When you reach the line containing "Studio : Department", please repeat it and every line after it exactly, through the end of the listing below, skipping pictures.

* **Supplied records**:
↓

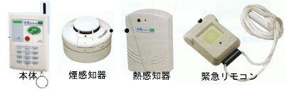 サイレン付フラッシュライト・緊急用リモコン・火災センサー |
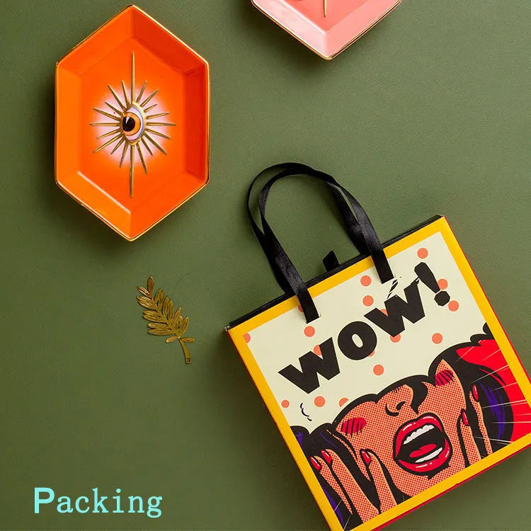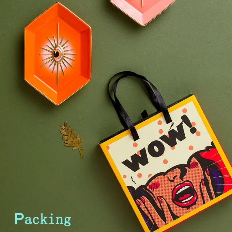 Dieses sechseckige Tablett aus Keramik vereint praktische Ablagefläche mit dekorativem Flair. Perfekt geeignet für Ihr Zuhause oder die Veranda, sorgt es für eine stilvolle Präsentation Ihrer Schmuckstücke oder kleiner Gegenstände. Das moderne Design und die bunte Farbgestaltung bringen frischen Schwung in Ihre Einrichtung, hergestellt mit umweltfreundlichem Material aus China.
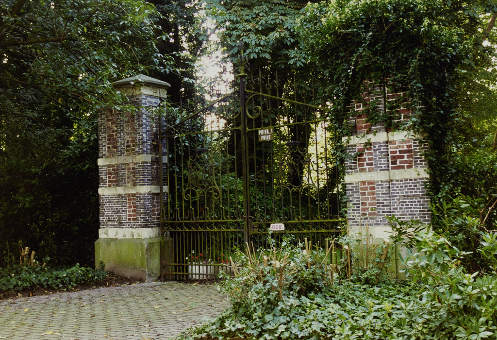 Omschrijving: Poort tot Kasteelpark vanop markt
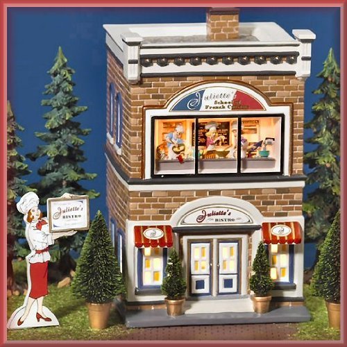 Studio : Department 56 Publisher : Department 56 Binding : Kitchen Product Description Four piece gift set includes: "Juliette's School Of French Cuisine" porcelain lighted building, "Bistro Sign" accessory which can be personalized, and two potted shrubs.
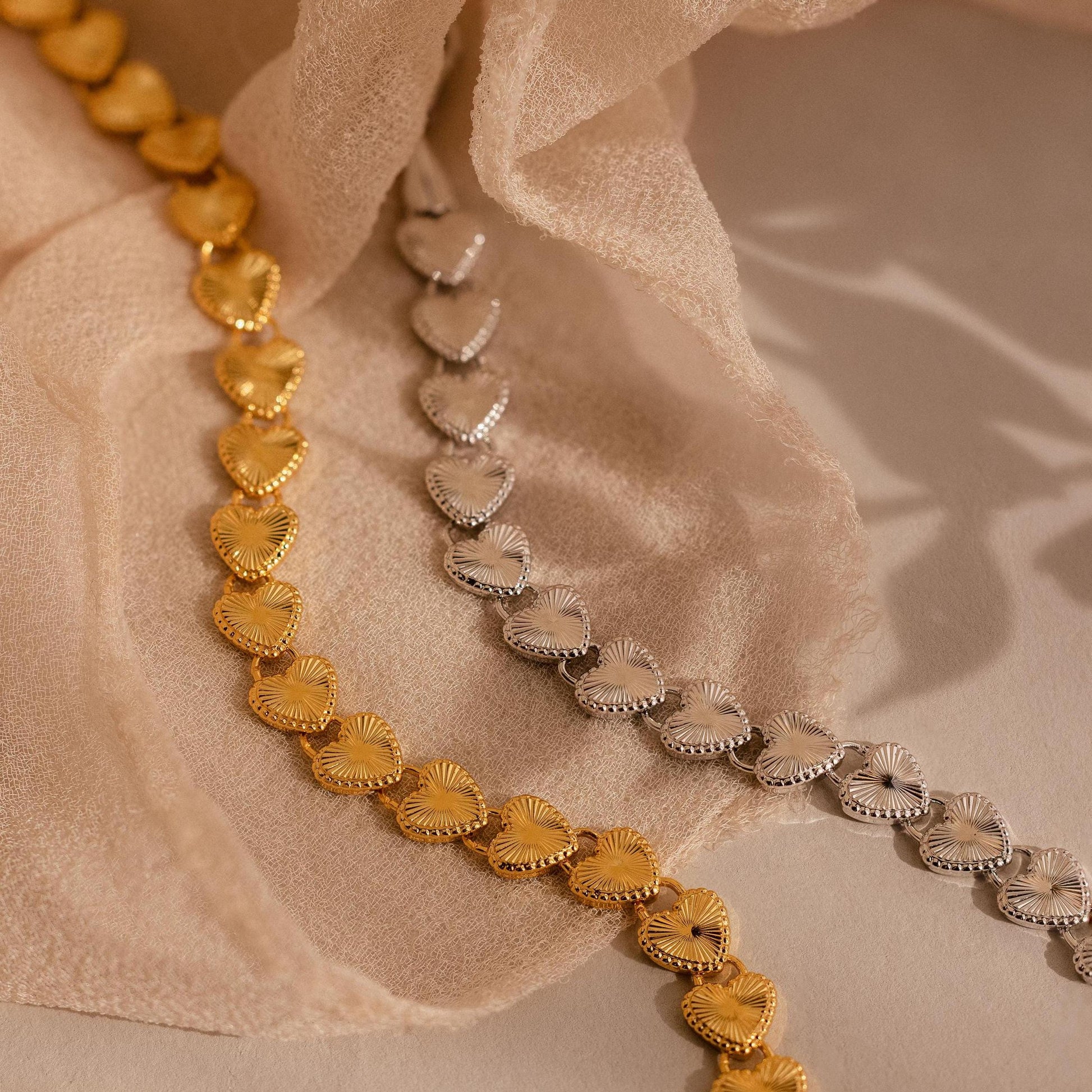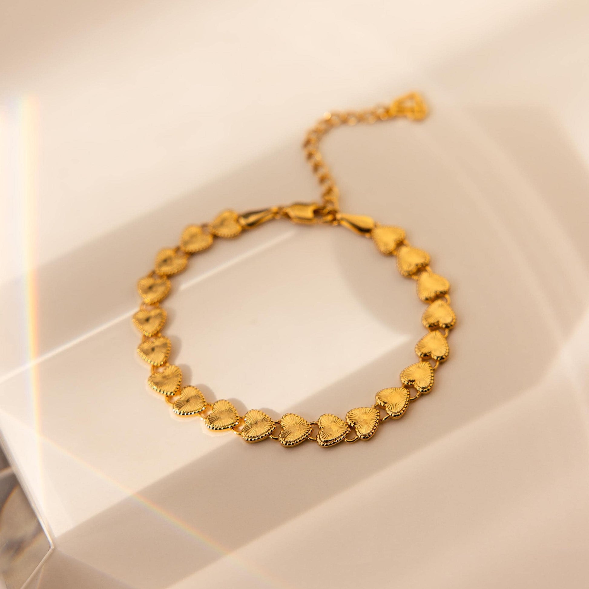 Sweet, stylish, and simply stunning — our Ribbed Heart Link Bracelet beautifully blends vintage elegance with a touch of romance! Perfect for a brunch with friends or a romantic evening out, this piece adds just the right amount of sweetness to any outfit ♡

↑

* **Answer for the task**:
 Studio : Department 56 Publisher : Department 56 Binding : Kitchen Product Description Four piece gift set includes: "Juliette's School Of French Cuisine" porcelain lighted building, "Bistro Sign" accessory which can be personalized, and two potted shrubs.
 Sweet, stylish, and simply stunning — our Ribbed Heart Link Bracelet beautifully blends vintage elegance with a touch of romance! Perfect for a brunch with friends or a romantic evening out, this piece adds just the right amount of sweetness to any outfit ♡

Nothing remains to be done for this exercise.